Dave Radford‘s piece What Would God Say to Your Anxiety? did strike a chord for me this morning. He reminds of the importance of perspective. That said, I know how hard reclaiming perspective in the midst of panic requires incredible resolve and clarity. Hard in panic. Still, if you can, reading his counsel might prove helpful.

[One caution: He seemed to be preaching to himself when he used the expression “navel-gazing”. I have not seen much navel-gazing in loved ones in the grip of anxiety or panic. Fixation on trying to get your breath or warring against destroying thoughts is NOT navel-gazing. So except for that…wise counsel:]

  • Look Behind You

When it comes to hope in the midst of struggle, God calls us to be a remembering people. If you spend even fifteen seconds gazing into your own past, it will begin to sparkle with ten thousand mercies reflecting off the waves of those memories (Lamentations 3:22). The sea of past grace dwells here, and welcomes us to come and drink, and remember as often as we need to.Photo Credit: Kate Nasser, Twitter

  • Look Before You

“Now faith is the assurance of things hoped for” (Hebrews 11:1). Though we can only see it “in a mirror dimly” (1 Corinthians 13:12), our future is, to put it very mildly, mind-blowing. We may not have every detail, but we have more than enough here from which to draw joy and confidence for today.
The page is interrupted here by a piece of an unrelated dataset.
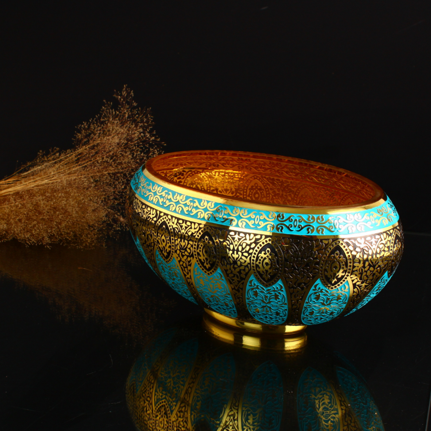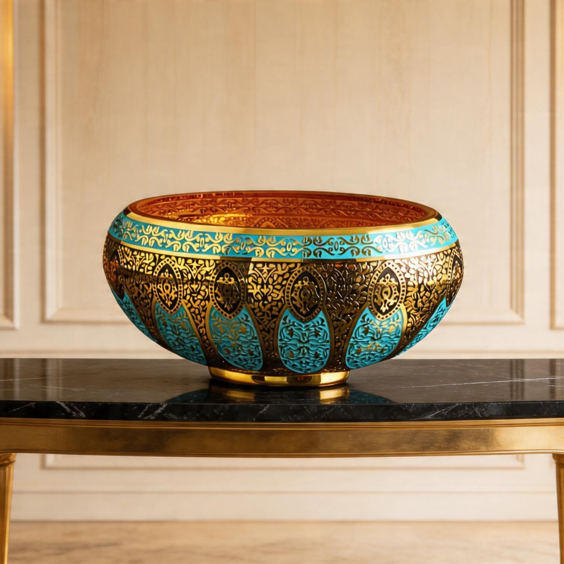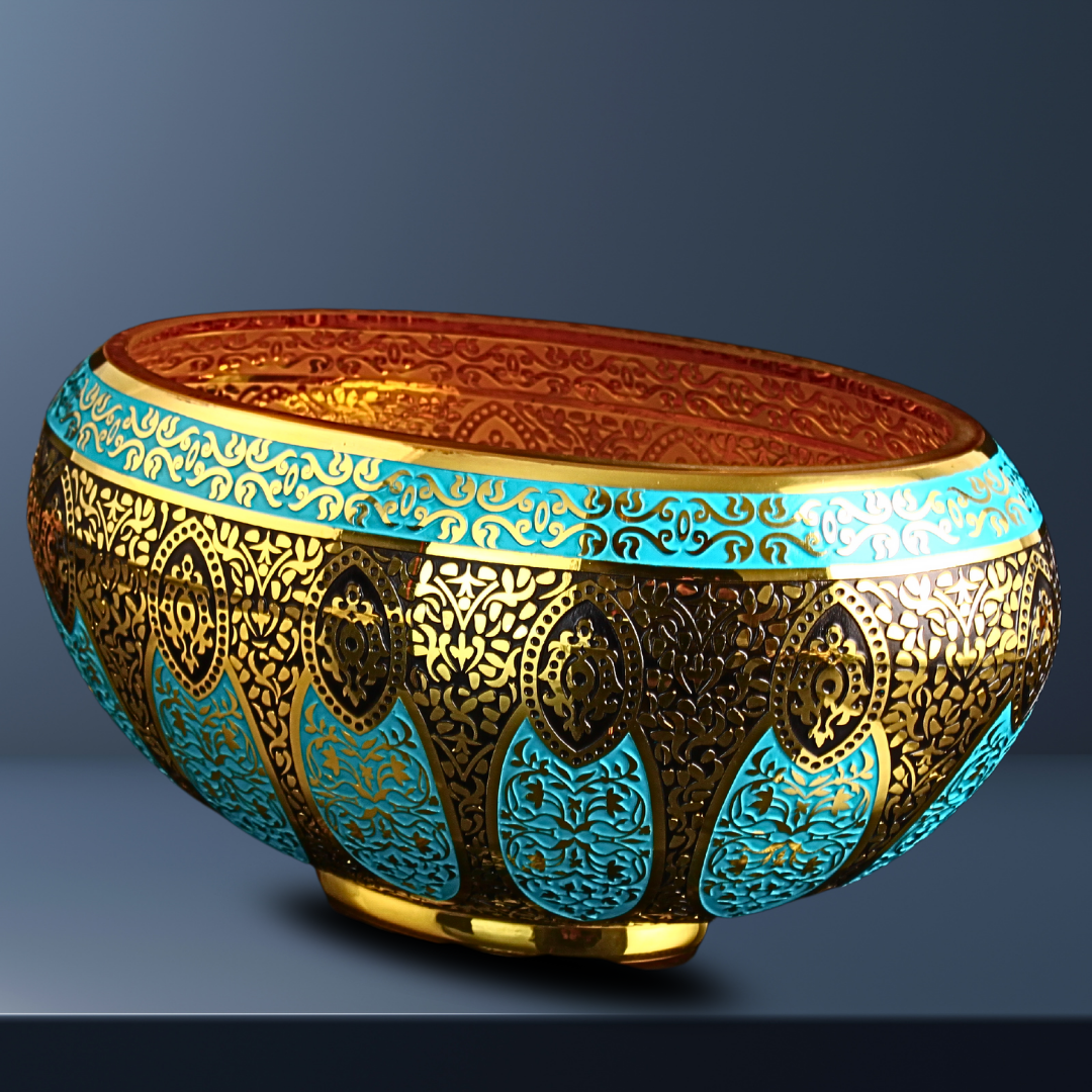 Mihrişah Sultan Kase, Osmanlı zarafetini cam yüzey üzerinde incelikli bir yorumla buluşturan seçkin bir tasarımdır. Geniş ve dengeli formu, 24 ayar altın ve özel cam boyasıyla işlenen bezeme diliyle birleşerek bu eseri yalnızca dekoratif bir obje olmaktan çıkarır; bulunduğu mekânda kültürel anlam taşıyan güçlü bir sanat parçasına dönüştürür. Mihrişah Valide Sultan’ın vakfiyelerindeki motiflerden ilham alan bu özel tasarım, geçmişin zarafetini bugünün yaşam alanlarına taşıyan rafine bir yorum sunar.

  • Look Back Down to Your Life Now

Look back to your life now. See your current set of troubles through past and future lenses, and add these other promises to the mix. This is what Scripture says is true of you now. Inside of you is “a spring of water welling up to eternal life” (John 4:14). The power that raised Christ from the dead is at work in your being (Ephesians 1:19–20). You have the fruit of the Spirit (Galatians 5:22–23). You cannot lose your standing with God. You are an adopted son or daughter of the King (Galatians 4:5–6). God’s lavish grace has been measured out for you according to God’s infinite wisdom, in just the right proportion and scheduled perfectly to meet your exact needs, whatever they may be (Matthew 6:33–34). God is weaving all things together for your greatest good, and equipping you with all that you need to accomplish his will (Romans 8:28; Philippians 4:19).*

*Dave RadfordWhat Would God Say to Your Anxiety?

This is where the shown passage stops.